(Beginning of PROVIDED MATERIAL)

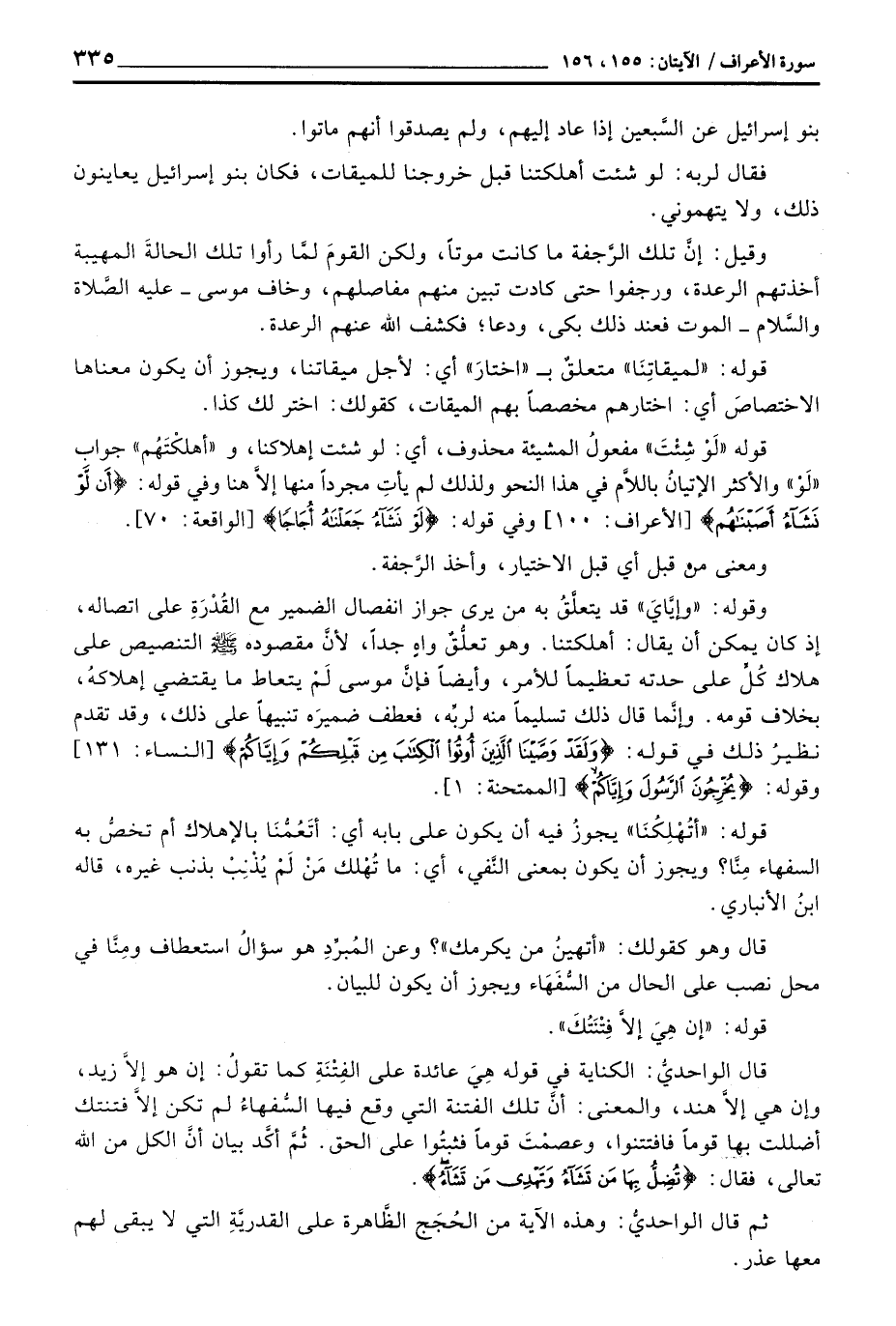 فقال لربه: لو شئت أهلكتنا قبل خروجنا للميقات، فكان بنو إسرائيل يعاينون ذلك، ولا يتهموني.
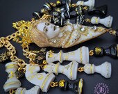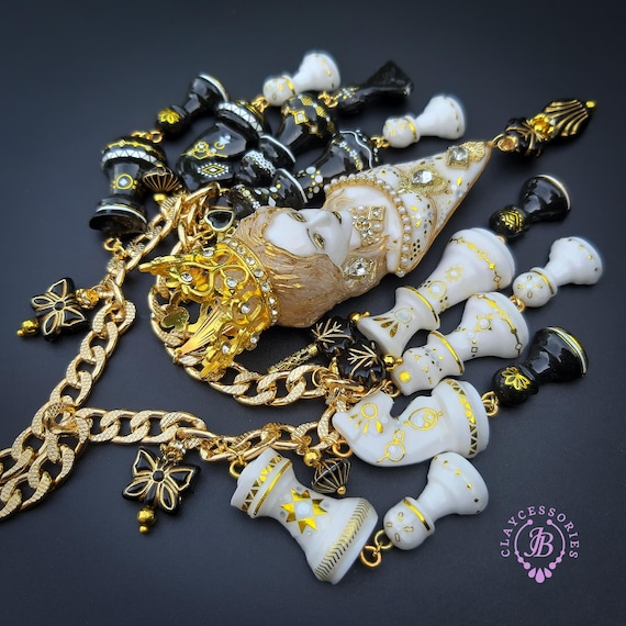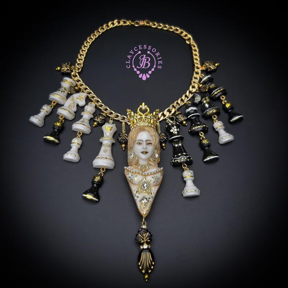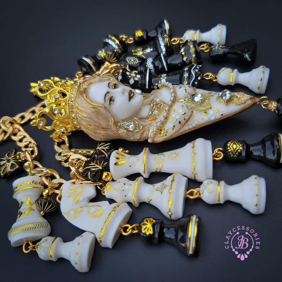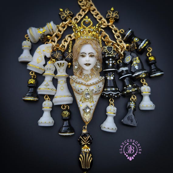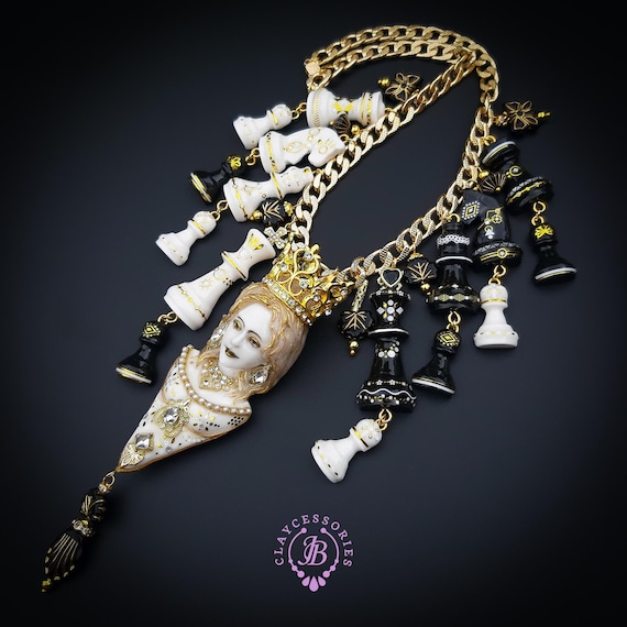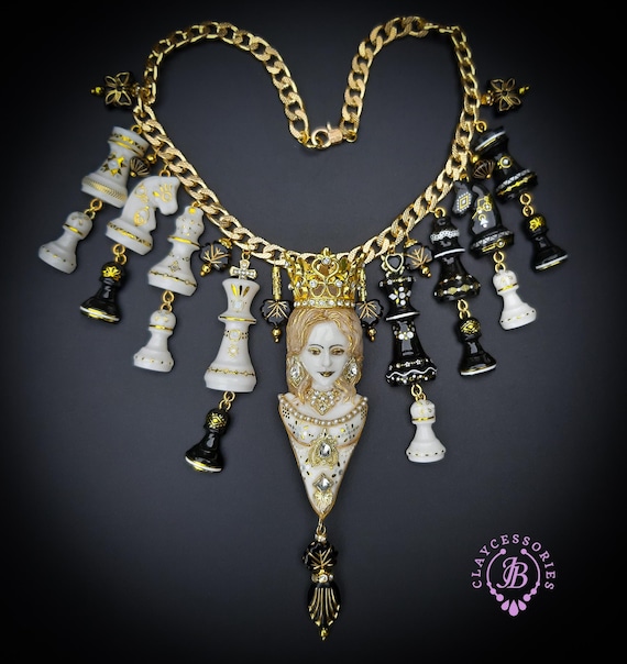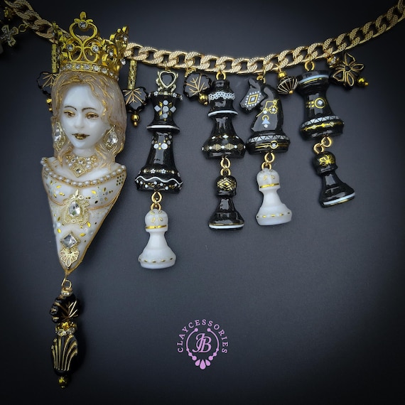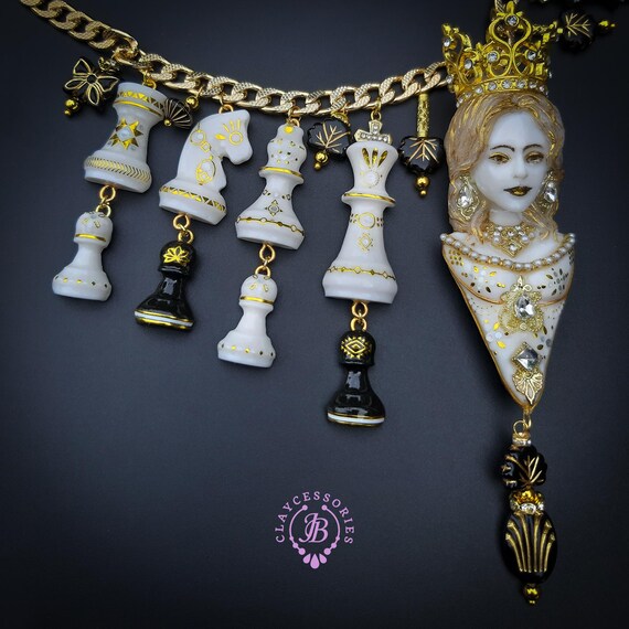 Queen Chess statement necklace, all details sculpted and carved from high-quality colourful polymer clay, colours do not wash out and do not fade in the sun. Single copy,100% Handmade OOAK necklace. All items are shipped from my home within 1-3 business days after payment confirmation. Please, contact me with any questions. I make some custom orders. If you would like some items to be custom made or created for you in a special way, feel free to send an Etsy conversation with your requirements, and we can discuss them.
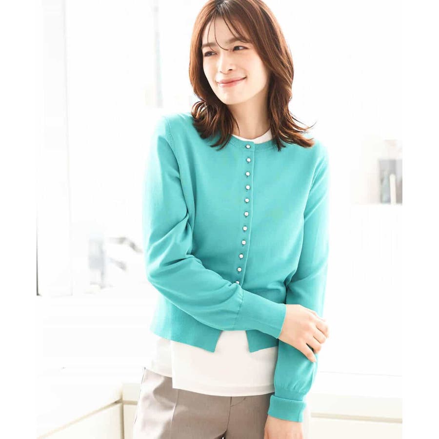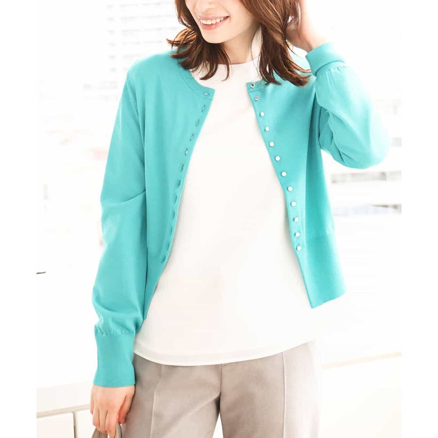 ミニメタル釦ニットカーディガン/接触冷感/洗える/WEB限定サイズあり
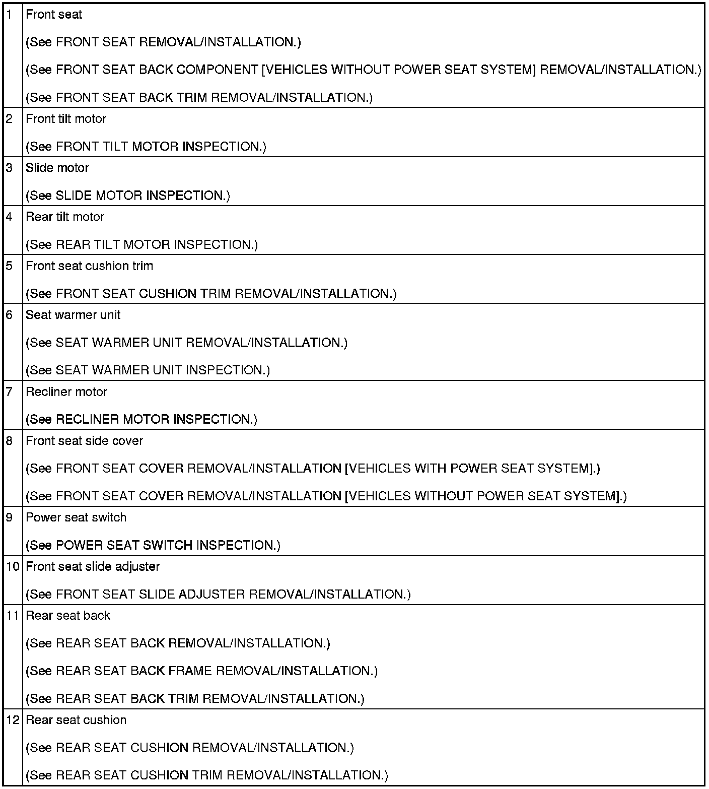 SEATS LOCATION INDEX

(End of PROVIDED MATERIAL)

> [ACTION ITEM] Without the pictures, write out every line above exactly as it appears.

> [ANSWER TO THIS TASK]
 فقال لربه: لو شئت أهلكتنا قبل خروجنا للميقات، فكان بنو إسرائيل يعاينون ذلك، ولا يتهموني.
 Queen Chess statement necklace, all details sculpted and carved from high-quality colourful polymer clay, colours do not wash out and do not fade in the sun. Single copy,100% Handmade OOAK necklace. All items are shipped from my home within 1-3 business days after payment confirmation. Please, contact me with any questions. I make some custom orders. If you would like some items to be custom made or created for you in a special way, feel free to send an Etsy conversation with your requirements, and we can discuss them.
 ミニメタル釦ニットカーディガン/接触冷感/洗える/WEB限定サイズあり
 SEATS LOCATION INDEX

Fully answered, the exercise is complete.